Norman Evans
- Born: 13 August 1905 Middlesbrough, England
- Died: July 1981 (aged 75) Northallerton, England
- Nationality: British (English)

Career history
- 1929: Middlesbrough
- 1930–1933, 1935: Wembley Lions
- 1934–1935: Harringay Tigers
- 1935–1937, 1939: New Cross Lambs/Tamers/Rangers
- 1938–1939: Wimbledon Dons
- 1946–1948: Newcastle Brough/Diamonds
- 1949: Ashfield Giants

Team honours
- 1932: National League
- 1930, 1931: Southern League
- 1931, 1932, 1938: National Trophy
- 1930, 1932, 1933, 1937, 1938, 1939: London Cup

= Norman Evans (speedway rider) =

British motorcycle speedway rider

Norman Evans (13 August 1905 – July 1981) was an international motorcycle speedway rider from England. He earned one international cap for the England national speedway team.

== Biography==
Evans, born in Middlesbrough rode in the pioneer years of British speedway beginning his British leagues career riding for Middlesbrough during the 1929 Speedway English Dirt Track League and became the team's captain.

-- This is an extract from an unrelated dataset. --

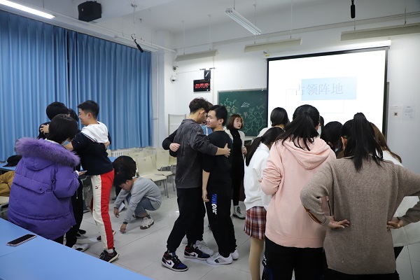 随后进行了“串名字”、“巨人椅”、“占领阵地”等游戏,通过游戏环节,培养参与宿舍成员间的默契度与熟悉度。

Evans' performances during 1929 were noticed by the Wembley Lions and they signed him for the 1930 Speedway Southern League. The team became the first 'star' team, winning the league and London Cup double and the 1931 league and National Trophy double.

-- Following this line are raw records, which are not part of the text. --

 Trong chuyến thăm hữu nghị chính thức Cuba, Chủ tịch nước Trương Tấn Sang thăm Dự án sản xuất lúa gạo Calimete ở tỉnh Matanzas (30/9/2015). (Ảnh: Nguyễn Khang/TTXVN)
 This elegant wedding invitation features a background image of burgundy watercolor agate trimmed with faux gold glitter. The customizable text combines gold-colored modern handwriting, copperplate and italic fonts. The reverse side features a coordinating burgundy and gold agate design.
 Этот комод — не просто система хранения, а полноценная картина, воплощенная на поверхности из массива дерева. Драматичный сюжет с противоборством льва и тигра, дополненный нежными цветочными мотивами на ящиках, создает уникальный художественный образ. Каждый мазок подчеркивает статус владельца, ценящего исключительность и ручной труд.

On the formation of the first National League in 1932, Evans helped Wembley claim the treble of league, national trophy and London Cup before Belle Vue Aces arrived on the scene to challenge Wembley's domination. In 1934, Evans was released by Wembley and he was allocated to the Harringay Tigers. After starting the 1935 season with Harringay, he went on to ride for Wembley again, but at the end of August joined the New Cross Lambs.

Evans spent two more seasons with New Cross, known as the Tamers in 1936 and the Rangers in 1937, where he won the London Cup with the latter. During the 1938 season and 1939 season he won three more trophies with Wimbledon Dons.

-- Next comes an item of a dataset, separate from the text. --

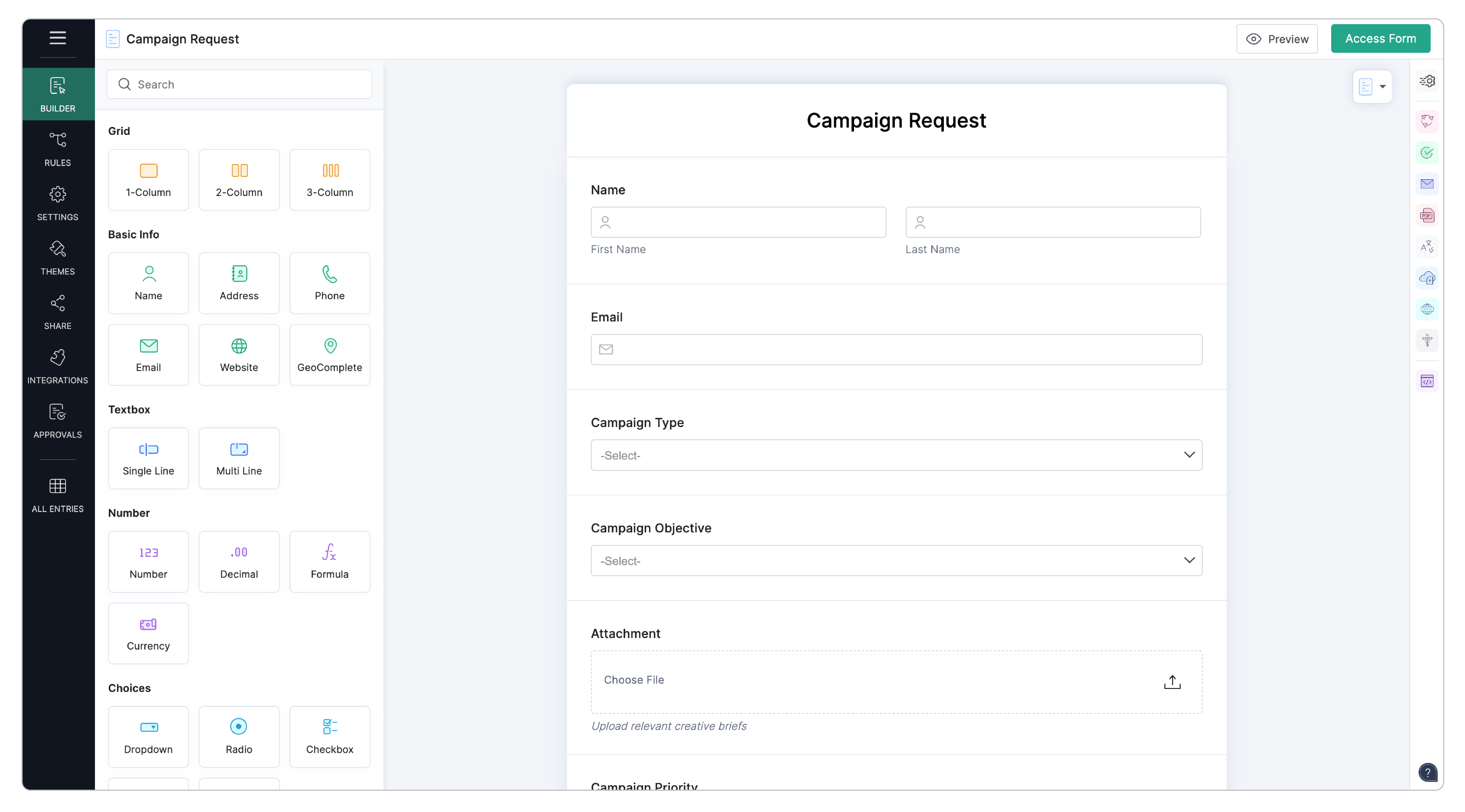 Zylker created a form with fields such as name, email, a dropdown field for Campaign Type, and Campaign Objective, a file upload field for Attachment related to campaign and a radio field for getting the Campaign Priority.

World War II robbed Evans of six years of racing before he joined Newcastle Brough for the 1946 Speedway Northern League. He was still able to score heavily in the second division with Newcastle from 1946 to 1948.

Evans' final season was in 1949, when he captained the newly formed Ashfield Giants in Glasgow. His retirement was prompted by a crash he was involved in during September 1949, that injured eight spectators when two bikes tangled together.